Connect the “out” post of your full keg to the inlet side of the filter. Wine should flow immediately toward the second keg, due to the natural pressure in the first keg. Open your gas valve and push the wine through the filter. Vent gas from the second keg as needed to keep the wine flowing, but try not to lose your desired pressure. When all the wine has been transferred, disconnect all the fittings and chill the now full second keg for bottling. 

There were probably yeast lees in the first keg that may clog the membrane filter. There are three things you can do to help. Before you start the project, you can remove the “out” post of your keg with a socket wrench, pull out the stainless steel dip tube, and use a hack saw to cut off ½ in. (1 cm) from the end. When re-installed, the tube will be just above the bottom of the keg and can leave the lees (and a small amount of wine) behind. Another step is to attach tubing with a plastic thumb tap to the keg before hooking up the filter. Open the tap over a waste bucket and run until the heaviest lees are out. Finally, you can filter from one keg to another through a coarse string-wound filter first, then clean everything and filter back through the membrane cartridge.
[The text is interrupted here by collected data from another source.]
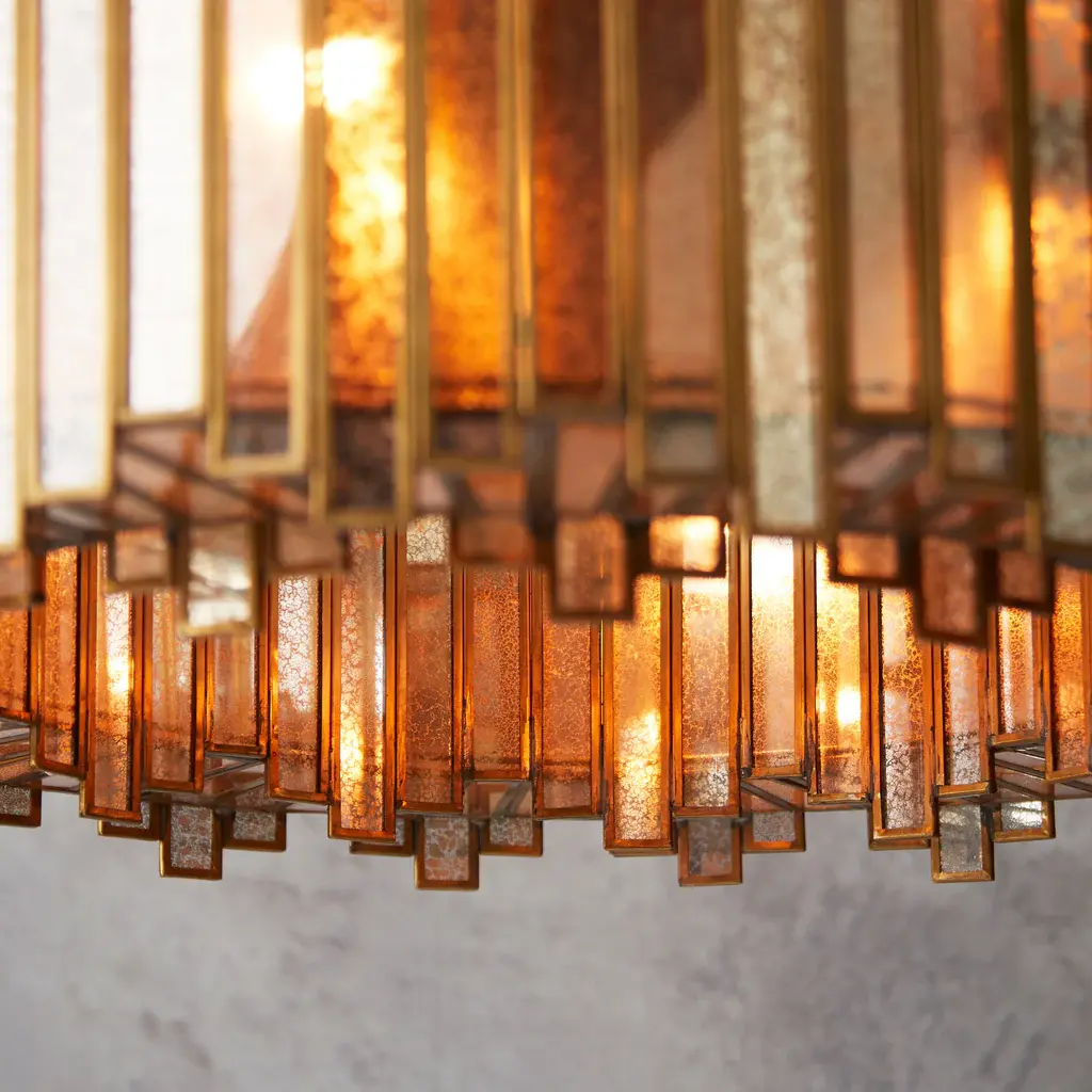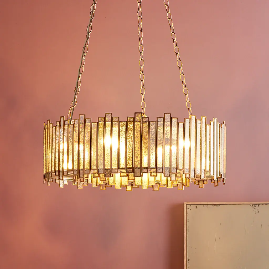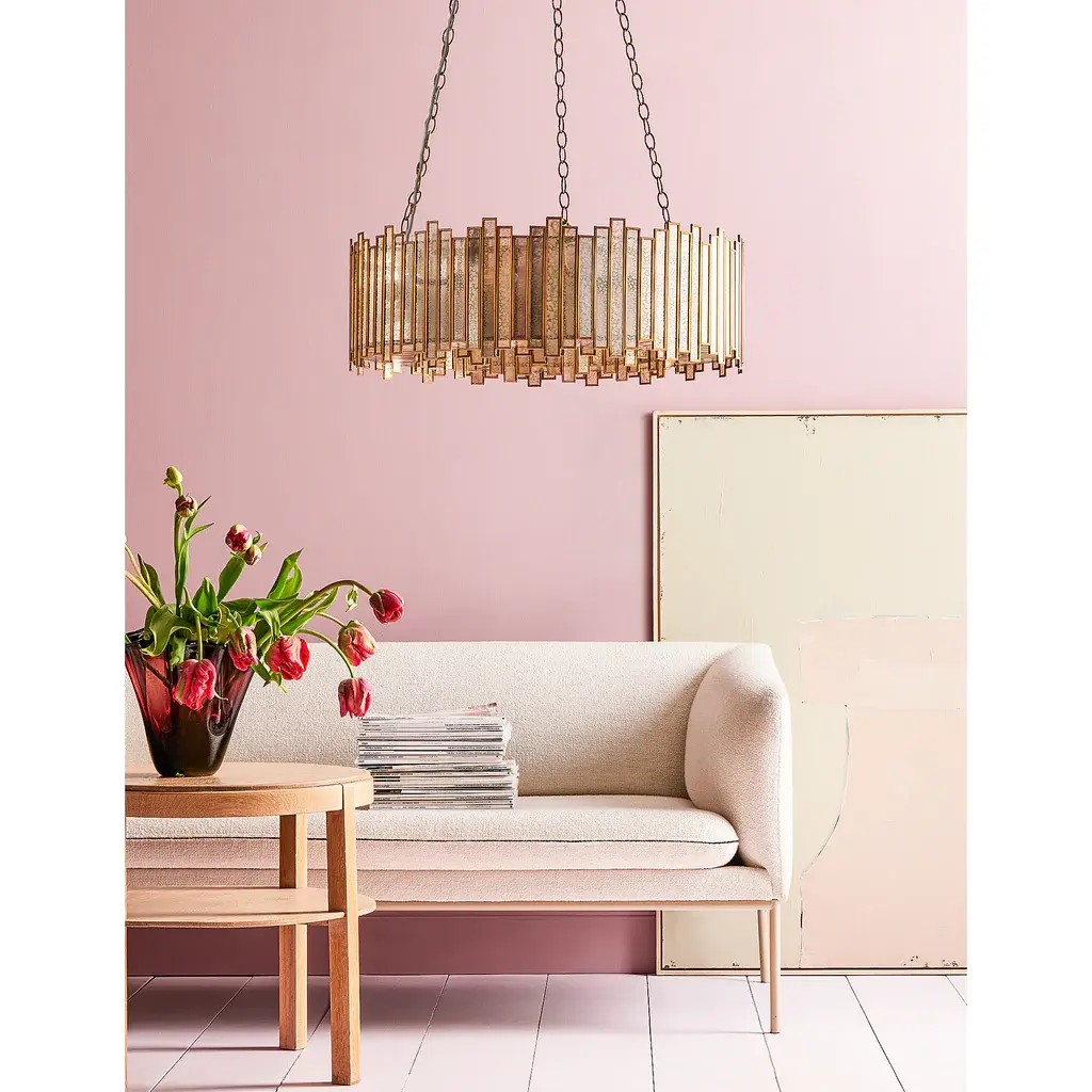 The Melvillous Chandelier boasts a striking presentation of intricate design. With an inner and outer ring of vertical brass and glass panels, connected by a horizontal ring, this chandelier emits a bold presence. Featuring 6 bulbs and a beautiful mercerized finish, it's sure to add an elevated touch of ambiance. All Pooky lighting is exclusively available in the U.S. at abc carpet & home. Originally launched in the UK, Pooky is all about bringing the magic of stunning, decorative lighting to your home.
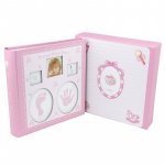 Album foto baby personalizabil, 200 poze, 10x15, amprente bebelus, cutie culoare roz
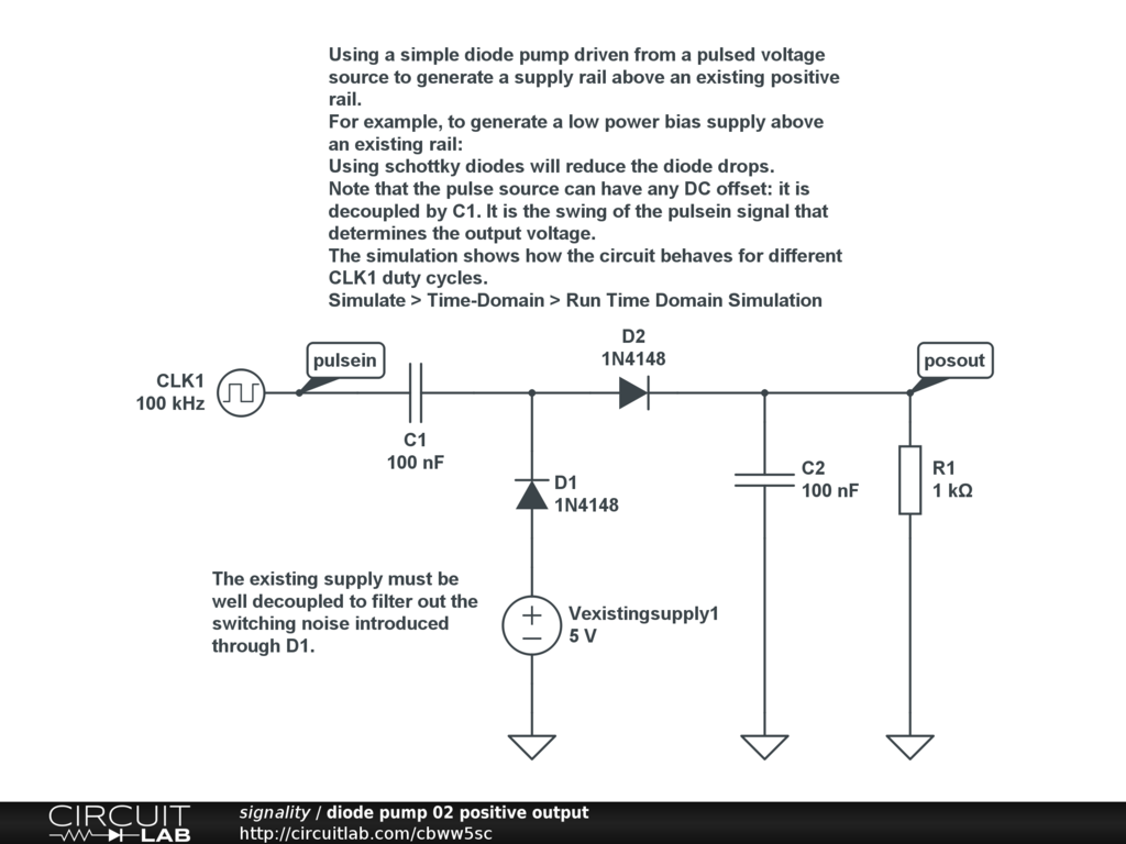 Using a simple diode pump driven from a pulsed voltage source to generate a supply rail above an existing positive rail.
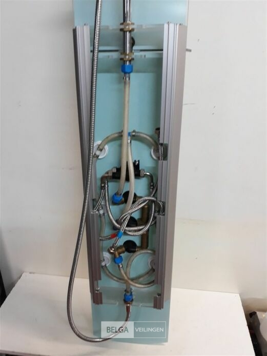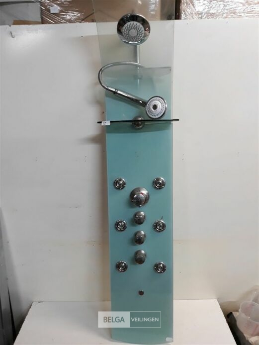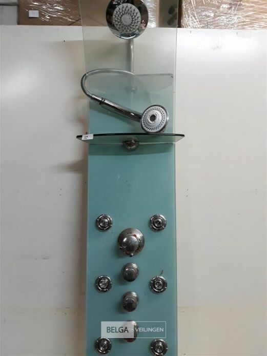 1 x Douchezuil uit veiligheidsglas met jets douchekop en regendouche met thermostaatkraan

For bottling, a temperature near or slightly below 32 °F (0 °C) will help keep the gas dissolved in the wine and minimize excess foaming. Following the manufacturer’s instructions, connect your counter-pressure filler to the CO2 system and the full keg. Chill two cases of empty Champagne bottles. Use your filler to fill each bottle under pressure and quickly cap or cork. 

A wing-type beer bottle capper is quick and easy. If you are using plastic corks, set the full bottle on a wooden block, begin inserting the cork, and drive it home with a rubber mallet. For Champagne corks and a Champagne floor corker, drop a cork between the jaws and set the full bottle on the platform. Pull down the arm, inserting the cork until a suitable mushroom-shaped head is left. Push the arm back up and pull the bottle down, freeing the cork through the hinged plate. For either plastic or cork stoppers, install a wire cage and give it six half-turns to hold the cork down. Wires are not needed for crown caps. Now fill another 23 bottles and you have two cases of Charmat sparkling wine! Chill and enjoy.

If that sounded like a lot of work, here is a simplification. It will not be fully Charmat style, but a very close approximation. Since we are home winemakers, we can do whatever we want, which in this case is force carbonation. For this process, you still need a CO2 tank and regulator. You only need one soda syrup keg and no filter. If you want to bottle, you still need a counter-pressure filler. 

a counter pressure bottle filler that can be used to fill bottles with carbonate beverages
Photo courtesy of MoreWine!

Once again, begin by making your cuvée. Do bench trials to plan your dosage by taste. Make the sugar syrup and add it to your sanitized keg. Rack in your still wine. If you will bottle the sparkling wine, add potassium sorbate stabilizer to prevent refermentation. Follow your supplier’s instructions, usually about one gram per gallon or 0.3 g/L. If you will keep your sparkling wine cold and dispense it on tap, you do not need the sorbate. The cold storage temperature will prevent fermentation.

Seal the keg and flush the headspace with CO2. Chill the keg. Attach the gas supply and set the regulator to your desired pressure. From time-to-time over the next few days, rock or agitate the keg to expedite mixing the gas into the liquid. To review systems and procedures you can use for draft sparkling wine, refer to the “Advanced Winemaking” column on kegging wine in the April-May 2023 issue. 

If you want to bottle sparkling wine, the procedure uses the same counter-pressure system described above. The potassium sorbate takes the place of sterile filtration. Whether bottled or served on draft, your carbonated, slightly sweetened wine is a near relative of Charmat sparkling wine. You simply used industrial carbon dioxide instead of producing it in place through fermentation. The flavor might be slightly different, but I don’t think your guests will complain!